The resistance of the four arms of a Wheatstone bridge are P=`10Omega` , Q = `100Omega`, R=`40Omega` and S `=10Omega`. What resistance in series or parallel with the last one will be required to obtain no deflection in the galvanometer?

To solve the problem, we need to find the resistance that should be added in series with the resistance S (which is 10Ω) in order to achieve a balance in the Wheatstone bridge.

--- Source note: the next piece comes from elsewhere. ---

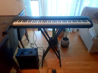 Piano digital KORG SP200 en perfecto estado. Se vende por falta de uso. Ideal para estudiantes o músicos que buscan un sonido de calidad. Incluye pedal y caballete. - Teclado de 88 teclas contrapesadas. - Sonidos de piano, órgano y cuerdas. - Conexión para auriculares y pedal. - Soporte incluido.

The balance condition for a Wheatstone bridge is given by the equation: \[ \frac{P}{Q} = \frac{R}{S'} \] where \( S' \) is the new resistance in series with S. ### Step-by-Step Solution: 1. **Identify the given resistances:** - \( P = 10 \, \Omega \) - \( Q = 100 \, \Omega \) - \( R = 40 \, \Omega \) - \( S = 10 \, \Omega \) 2. **Set up the balance condition:** Using the balance condition of the Wheatstone bridge: \[ \frac{P}{Q} = \frac{R}{S'} \] Substitute the known values: \[ \frac{10}{100} = \frac{40}{S'} \] 3. **Cross-multiply to solve for \( S' \):** \[ 10 \cdot S' = 100 \cdot 40 \] \[ 10 \cdot S' = 4000 \] \[ S' = \frac{4000}{10} = 400 \, \Omega \] 4. **Determine the required resistance in series:** Since we have \( S = 10 \, \Omega \), we need to find the additional resistance \( X \) that we need to add in series with \( S \): \[ S' = S + X \] \[ 400 = 10 + X \] \[ X = 400 - 10 = 390 \, \Omega \] ### Final Answer: The resistance required in series with the last one (S) to obtain no deflection in the galvanometer is **390Ω**.